Vershawn Sanders-Ward holds an MFA in Dance from New York University and is the first recipient of BFA in Dance from Columbia College Chicago (Gates Millennium Scholar.) She is the Founding Artistic Director and CEO of Red Clay Dance Company and is currently a candidate for Dunham Technique Certification. Sanders-Ward is a 2019 Chicago Dancemakers Forum Awardee, a 2019 Harvard Business School Club of Chicago Scholar, a 2017 Dance/USA Leadership Fellow, a 2013 3Arts awardee, and a 2009 Choreography Award from Harlem Stage NYC. In 2015, 2018 and 2020, NewCity Magazine selected Ward as one of the “Players 50, People Who Really Perform for Chicago”. Her choreography has been presented in Chicago, New York, San Francisco, The Yard at Martha’s Vineyard, and internationally in Toronto, Dakar and Kampala. Vershawn is currently on faculty at Loyola University Chicago in the Fine and Performing Arts Department and has received choreographic commissions from Columbia College Chicago, Northwestern University, Knox College, AS220, and the National Theatre in Uganda. Her upcoming choreographic project set to premiere in June 2023, Rest.Rise.Move.Nourish.Heal was selected for a 2021 National Dance Project Award from NEFA. As an arts advocate, Vershawn serves as a board member of the African American Arts Alliance of Chicago and was selected to attend the inaugural Obama Foundation Summit for Emerging Global Leaders. Sanders-Ward has had the pleasure of gracing the cover of DEMO, Columbia College Chicago’s Alumni Magazine as well as the Chicago Reader.

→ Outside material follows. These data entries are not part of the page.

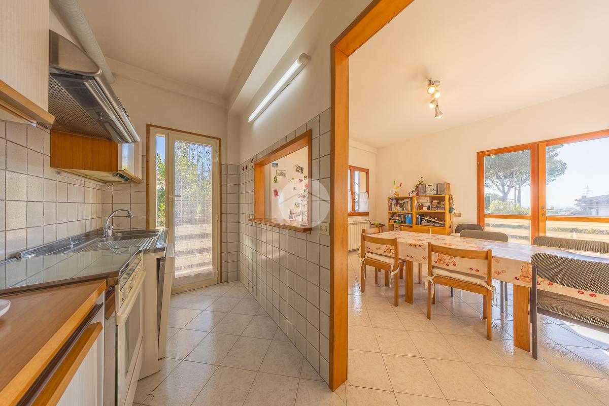 Piano terra: salone doppio con termocamino e zona tinello, cucina, quattro camere da letto, tre bagni finestrati, di cui uno con comodo antibagno, e portico perimetrale.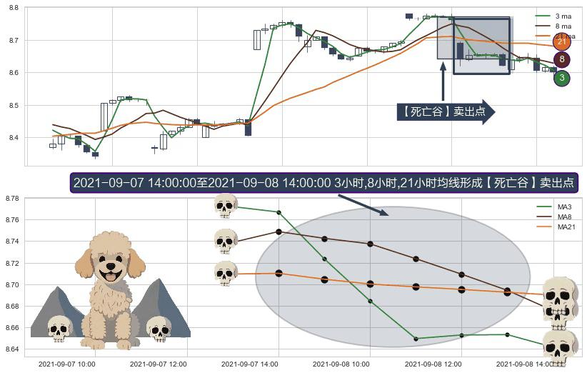 ⚀ 2021-09-08 09:00:00-小时至2021-09-08 14:00:00-小时显现 3小时-8小时-21小时均线 【死亡谷】卖出点 看空信号,后市看跌,卖出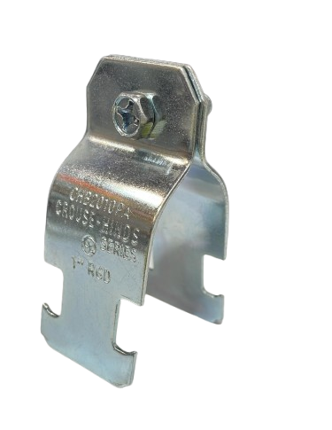 Abrazadera par unicanal de 1″ ( 25 mm) galvanizado para la fijacion de tubos en los prefiles de unicanal, se coloca de manera óptima en los perfiles.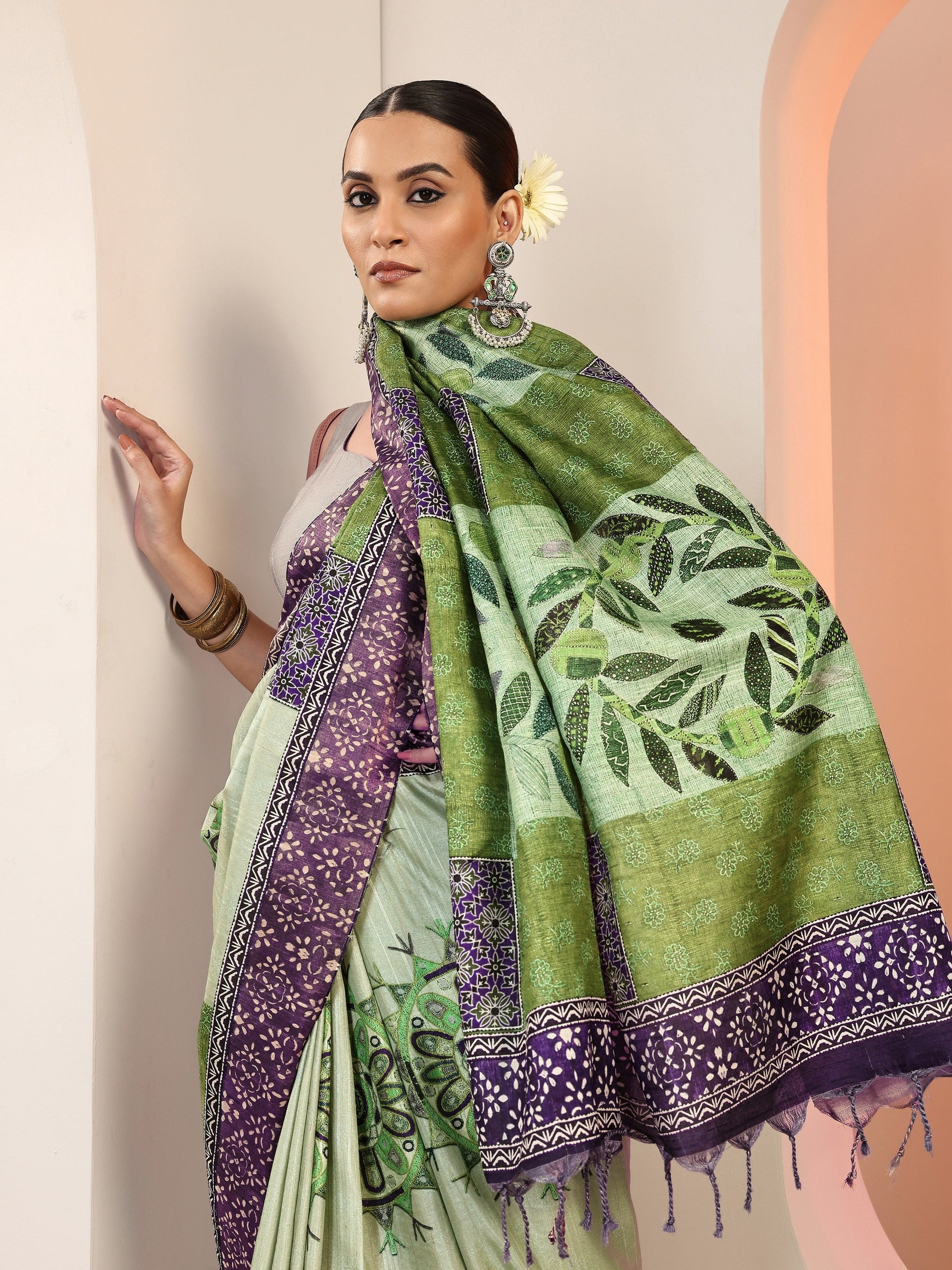 Green Printed Silk Blend Saree With Unstitched Blouse Piece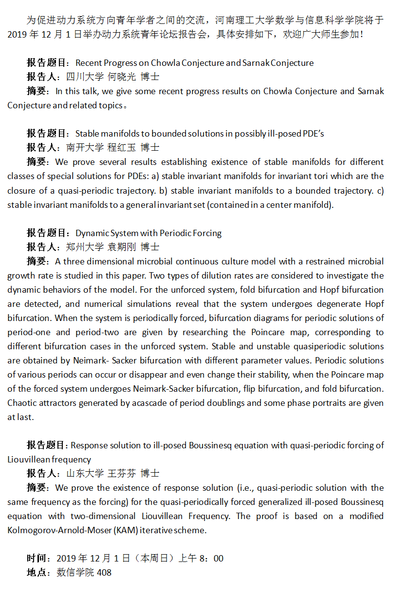 中科院数学与系统科学研究院韩丕功研究员系列讲座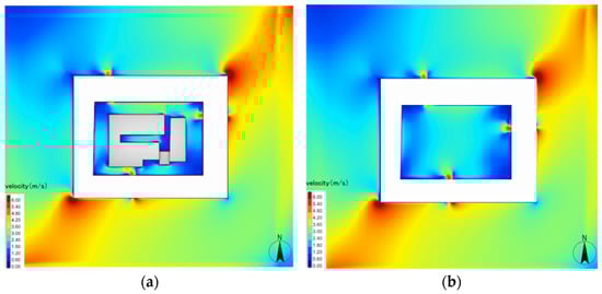 (a) Wind speed cloud map of the courtyard building 1.5 m above ground level before the update. (b) Wind speed cloud map of the courtyard building 1.5 m above ground level after the update.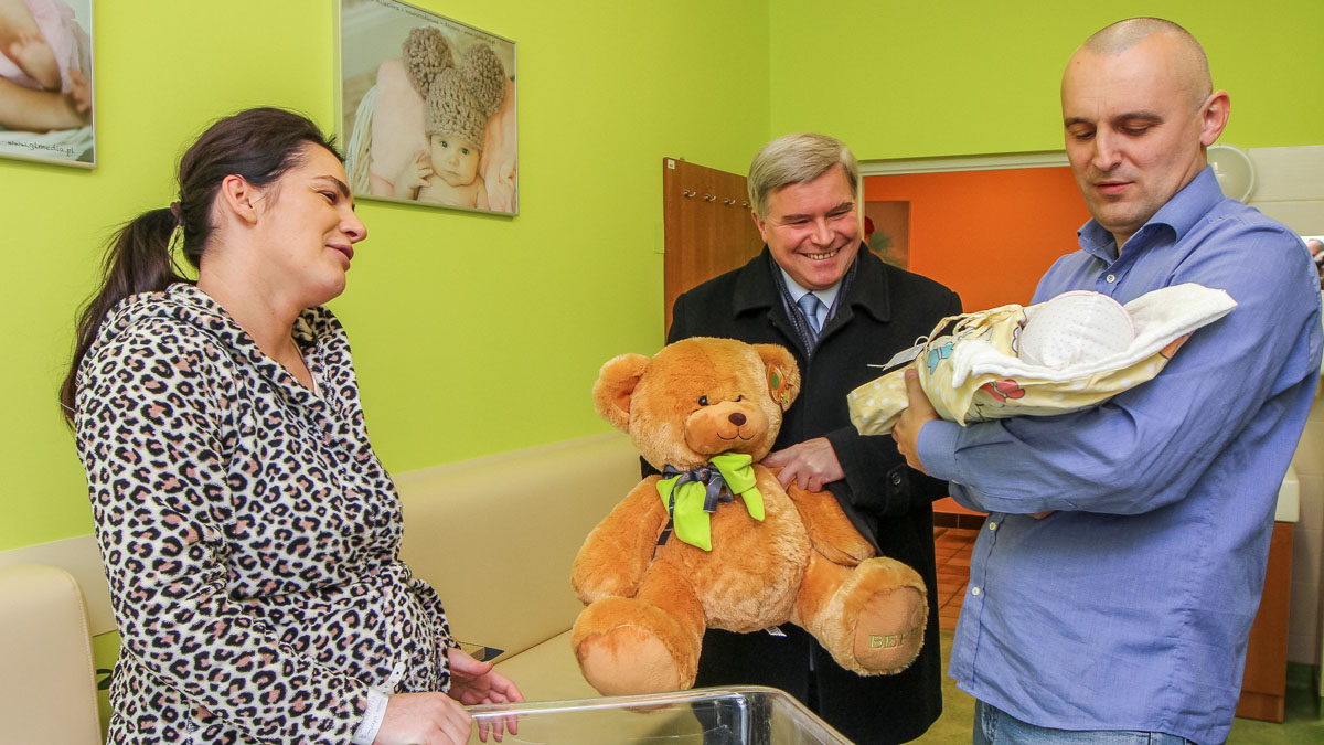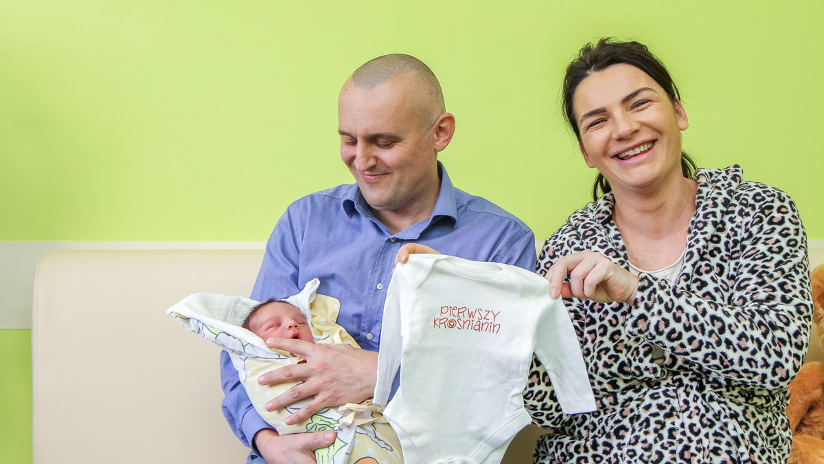 Wiadomość Znów chłopiec. Jaś pierwszym krośnianinemJan to pierwszy krośnianin, który przyszedł na świat w 2015 roku. Urodził się 2 stycznia w krośnieńskim szpitalu. Kontynuuje tradycję – już po raz ósmy pierwsze urodzone w nowym roku dziecko to chłopiec. Drugiego stycznia, trzydzieści minut po północy przyszedł na świat Jan - syn Anny Uliasz i Grzegorza Pleśniaka. Jest dużym i silnym chłopcem - ma 61 cm długości i waży 4250 g. - Jest bardzo grzeczny, je i śpi - mówi szczęśliwa mama. Jaś przyszedł na świat drogą naturalną bez komplikacji, choć jak przyznaje pani Anna – dosyć niespodziewanie: - Najpierw myślałam, że będą to okolice Wigilii, ale nic się nie wydarzyło. Miałam przyjechać do szpitala 5 stycznia. Nagle zaczęły się skurcze, w ciągu godziny dosyć silne, ale nie zdawałam sobie sprawy, że są to skurcze porodowe. Zadzwoniłam po taksówkę. Pan taksówkarz zobaczył, że kobieta w ciąży, o tej godzinie, zrobił oczy jak talerze i biegiem do tego szpitala – wspomina. Okazało się, że pośpiech był wskazany, bo gdy tylko przyjechali do szpitala, zaczęła się akcja porodowa. - Dzięki wsparciu położnych i pani doktor poszło gładko – wspomina mama. To nie pierwsza niespodzianka ze strony Jasia. Początkowo rodzice spodziewali się, że na świecie powitają dziewczynkę. - Na pierwszym USG wyszło, że miała być córka, ale potem okazało się, że jednak chłopak. Najważniejsze, że zdrowy – cieszy się tato. W domu na Jasia czeka dwóch starszych braci. Jaś jest pierwszym krośnianinem, ale nie pierwszym urodzonym w nowym roku dzieckiem. W krośnieńskim szpitalu nowy rok powitało troje noworodków. Pierwsza dziewczynka z Markuszowej przyszła na świat już minutę po północy, a kilka godzin później byli chłopcy: mieszkaniec Krościenka Wyżnego i Lubatowej. Tradycją jest, że pierwszego krośnianina w nowym roku wita prezydent Krosna Piotr Przytocki. Nie przyszedł do szpitala z pustą ręką - maluch i rodzice otrzymali talon na zakupy w wysokości 700 zł, kwiaty, misia na szczęście oraz jedyne w swoim rodzaju ubranko z napisem „Pierwszy Krośnianin”. W minionym roku w krośnieńskim szpitalu urodziło się 1184 dzieci i jest to liczba porównywalna z poprzednimi latami. Jaś kontynuuje tradycję pierwszych chłopców w nowym roku i dołącza do grona swoich kolegów z siedmiu ostatnich lat: 2008 – Krzysztof Kosowski, 2009 – Adrian Fejkiel, 2010 – Szymon Malec, 2011 – Michał Przepióra, 2012 – Wiktor Włodarski, 2013 – Oliwier Radulj, 2014 – Jakub Podlaszewski. (2015-01-04/10:56:41) |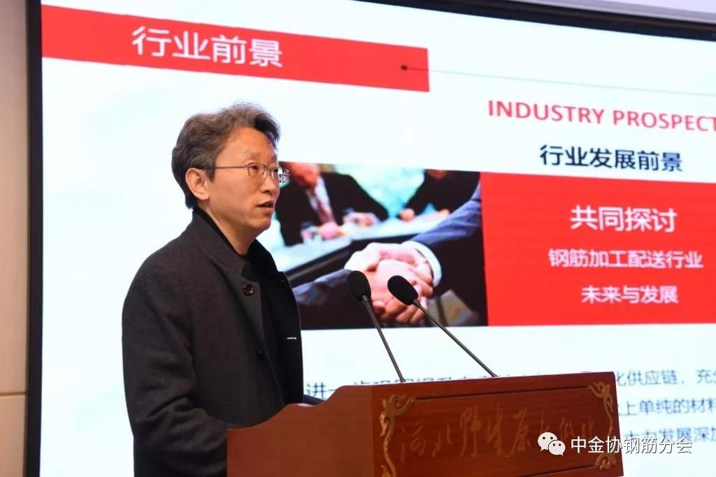 中金協鋼筋分會常務副會長、河北物流集團金屬材料有限公司總經理孫繼承在致辭中表示:面對新的機遇和挑戰,面對新的壓力困難,鋼筋加工流通領域,只有堅持以行業標準為引領,以產供銷三方協同合作、渠道整合、跨界融合,才能有效促進鋼筋產業化的高質量發展,推進產業提升和協同發展,實現多方共贏。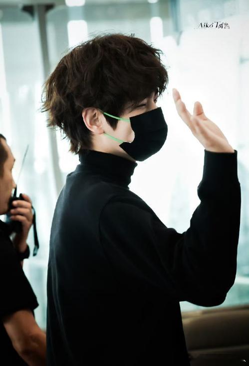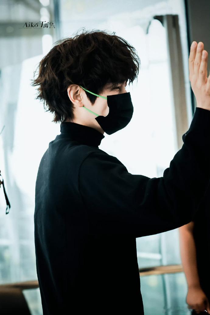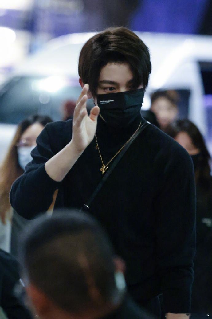 丁禹兮泰国回国到达丁禹兮泰国出发回国机场路透黑色系造型衬得身形高挑,“黑色高领毛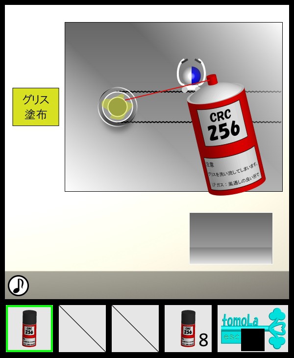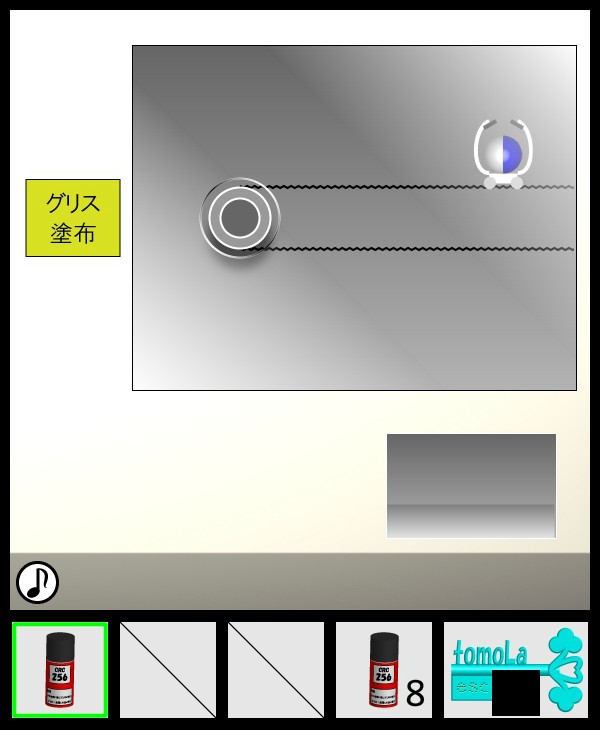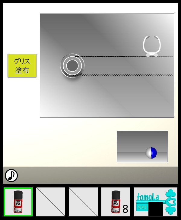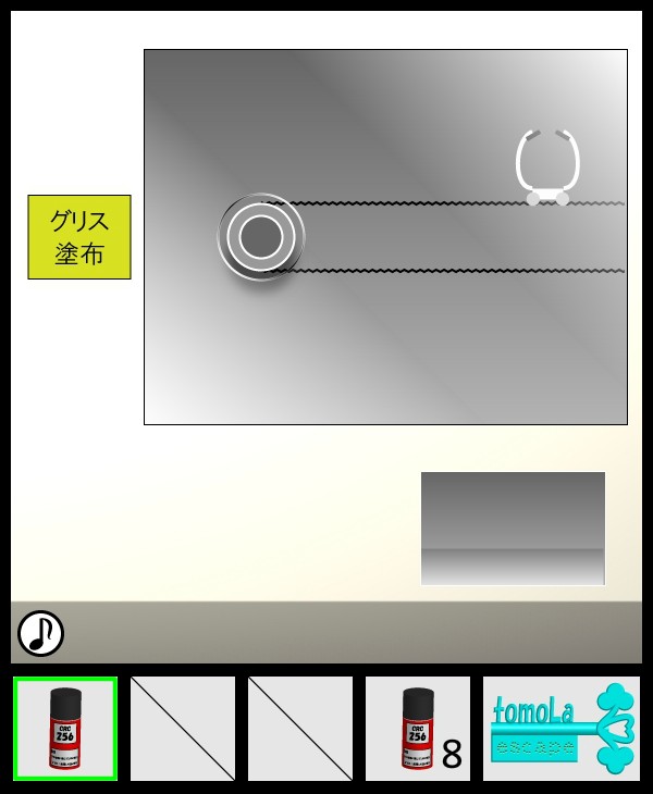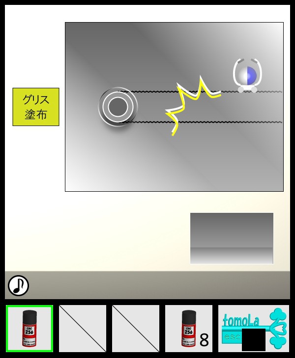 右の装置を拡大して、鍵のパーツが上まで来るのを待ってから滑車に「潤滑剤」を使う。
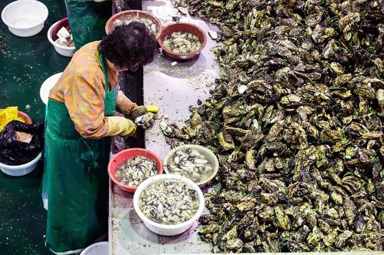 우리에게 훨씬 익숙한 굴이 수하식 굴이다. 수하식 굴의 70% 이상이 경남 통영 앞바다에서 재배된다. 통영 앞바다는 문자 그대로 굴밭이다. 전체 면적이 53.71㎢로, 축구장 8000개 크기다. 통영 앞바다의 굴 생산량은 연 4만t에 육박한다. 껍데기 벗긴 알굴만 잰 무게다.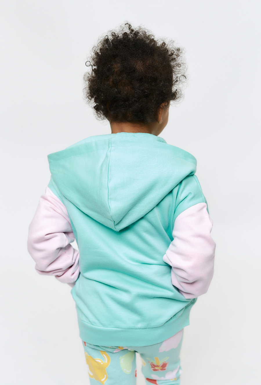 Kolorowa bluza z kapturem to propozycja dla dziewczynki, która lubi połączenie wygody i uroczego designu. Miętowy przód kontrastuje z różowymi rękawami, a kieszonkę zdobi nadruk słodkiego kotka. Bluza zapinana na suwak, wykonana z miękkiego materiału, zapewnia komfort noszenia przez cały dzień. Doskonała na chłodniejsze dni i codzienne aktywności.

Rebecca Zorach teaches in the Department of Art History at Northwestern University, with affiliations in programs in American Studies and Environmental Policy and Culture. She writes on early modern European art, contemporary activist art, and art of the 1960s and 1970s. Her books include Blood, Milk, Ink, Gold: Abundance and Excess in the French Renaissance (Chicago, 2005), The Passionate Triangle (Chicago, 2011), and Art for People’s Sake: Artists and Community in Black Chicago 1965–1975 (Duke, 2019). She is currently working on two book projects, one entitled The Designs of Nature, which deals with early modern European ideas about Nature as maker, in particular as a maker of images, art objects, and artifacts, and the other tentatively entitled Place Holding, which addresses land, ecology, race and indigeneity, and art and its institutions in the United States.
AT THE NEWBERRY
Alison Hinderliter, is the Lloyd Lewis Curator of Modern Manuscripts and Archives, and Selector of Modern Music. As curator of the Newberry’s manuscript collections, Alison oversees a range of collections related to dance, music, literature, journalism, business, and a variety of other subjects, many Chicago-related. She has been in the archival field for nearly 30 years, working as archivist at the Chicago History Museum, The Chicago Public Library, the Chicago Symphony Orchestra, and the Old Town School of Folk Music. As an amateur classical pianist, her lifelong goal is to learn and perform all 32 Beethoven piano sonatas.
Laura McEnaney is the Vice President for Research and Academic Programs.